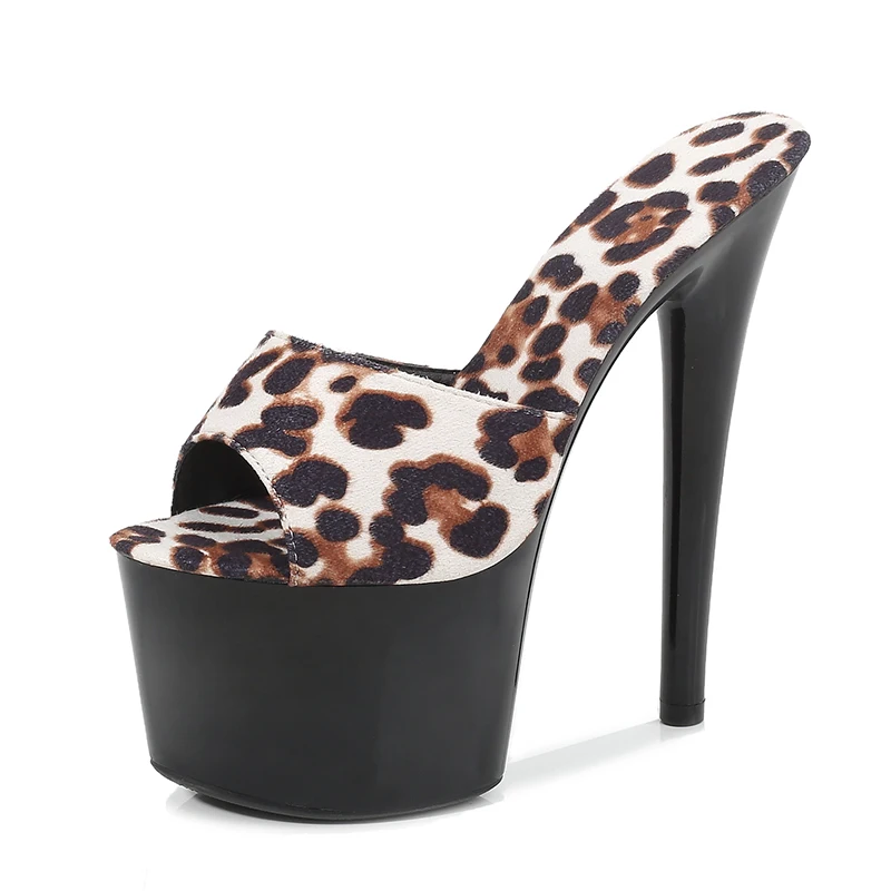 Шлепанцы женские с леопардовым принтом, флоковые сандалии на платформе, Высокий Каблук 13 см, 15 см, 17 см, лето 2020
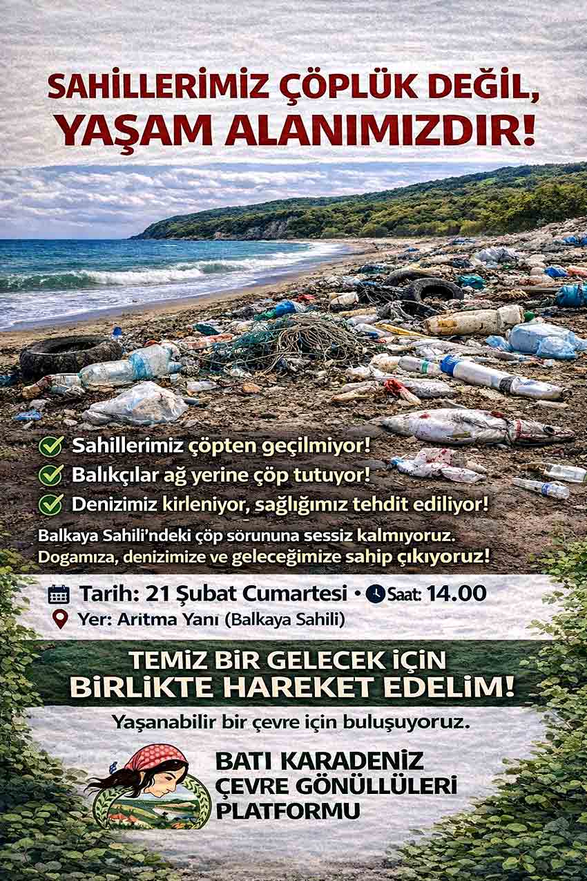 Platform tarafından hazırlanan afişte, sahillerde çöp yoğunluğunun giderek arttığı vurgulandı. Açıklamada, balıkçıların ağ yerine çöp tuttuğu, deniz ekosisteminin hızla zarar gördüğü ve kirliliğin halk sağlığını tehdit ettiği ifade edildi.
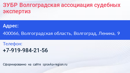 ЗУБР, Волгоградская ассоциация судебных экспертиз по адресу 400066, Волгоградская область, Волгоград, Ленина, 9 в дальнейшем Организация, размещена в следующих категориях:

Brief: Write out exactly the lines from the line that contains "Platform tarafından hazırlanan" through the end of the material, including both ends. No pictures belong in the copy.

Result of this exercise:
 Platform tarafından hazırlanan afişte, sahillerde çöp yoğunluğunun giderek arttığı vurgulandı. Açıklamada, balıkçıların ağ yerine çöp tuttuğu, deniz ekosisteminin hızla zarar gördüğü ve kirliliğin halk sağlığını tehdit ettiği ifade edildi.
 ЗУБР, Волгоградская ассоциация судебных экспертиз по адресу 400066, Волгоградская область, Волгоград, Ленина, 9 в дальнейшем Организация, размещена в следующих категориях:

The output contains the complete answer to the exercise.